• [EXERCISE INSTRUCTIONS]:
Keep every word of the listing and drop the images when you write it out.

• [INPUT DATA]:
>>>

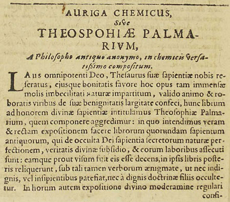 Thanks be to almighty God, by whose treasury of wisdom this work has been brought back to us, and by the favor of whose goodness this work, imparted to the weakness of nature in so vast a mass, has been completed with a strong mind and the robust powers of His generous bounty. Therefore we now undertake to compose the little book entitled The Palm of Theosophy, in honor of divine wisdom, in which we intend to make a true and right exposition of certain books of the ancient wise men, who by the perfection of the secrets of nature’s hidden wisdom, under the guidance of divine truth, attained it by their labors.
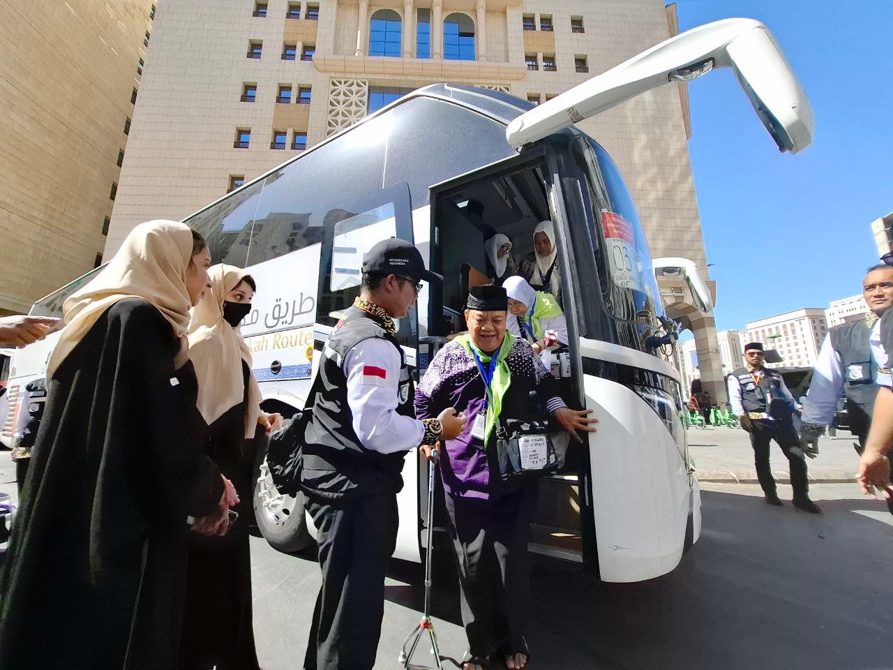 Ketika para jamaah haji tiba di halaman hotel, mereka menerima arahan dari pembimbing ibadah Petugas Penyelenggara Ibadah Haji (PPIH) Arab Saudi. Petugas tersebut mengingatkan kembali ibadah dan doa-doa terbaik yang harus dilakukan saat berada di Madinah. Tim Kesehatan juga memberikan arahan untuk mengantisipasi kondisi cuaca yang panas selama berada di Madinah.
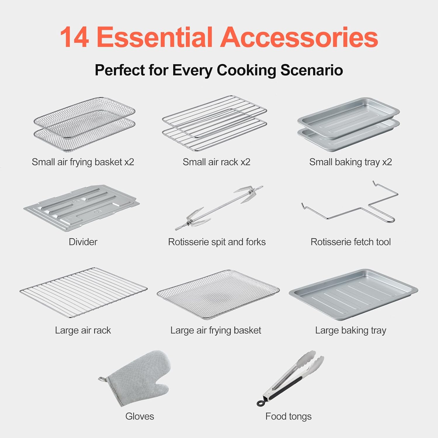 【500°F Heat & 360° Crisping】Take flavor further. With upper and lower heating elements plus dual convection fans, this airfryer toaster combo reaches up to 500°F for faster, crispier, and more even results. Enjoy golden fries, juicy rotisserie chicken, sizzling steak, and more—cooked to perfection every time.

<<<

• [RESPONSE]:
 Thanks be to almighty God, by whose treasury of wisdom this work has been brought back to us, and by the favor of whose goodness this work, imparted to the weakness of nature in so vast a mass, has been completed with a strong mind and the robust powers of His generous bounty. Therefore we now undertake to compose the little book entitled The Palm of Theosophy, in honor of divine wisdom, in which we intend to make a true and right exposition of certain books of the ancient wise men, who by the perfection of the secrets of nature’s hidden wisdom, under the guidance of divine truth, attained it by their labors.
 Ketika para jamaah haji tiba di halaman hotel, mereka menerima arahan dari pembimbing ibadah Petugas Penyelenggara Ibadah Haji (PPIH) Arab Saudi. Petugas tersebut mengingatkan kembali ibadah dan doa-doa terbaik yang harus dilakukan saat berada di Madinah. Tim Kesehatan juga memberikan arahan untuk mengantisipasi kondisi cuaca yang panas selama berada di Madinah.
 【500°F Heat & 360° Crisping】Take flavor further. With upper and lower heating elements plus dual convection fans, this airfryer toaster combo reaches up to 500°F for faster, crispier, and more even results. Enjoy golden fries, juicy rotisserie chicken, sizzling steak, and more—cooked to perfection every time.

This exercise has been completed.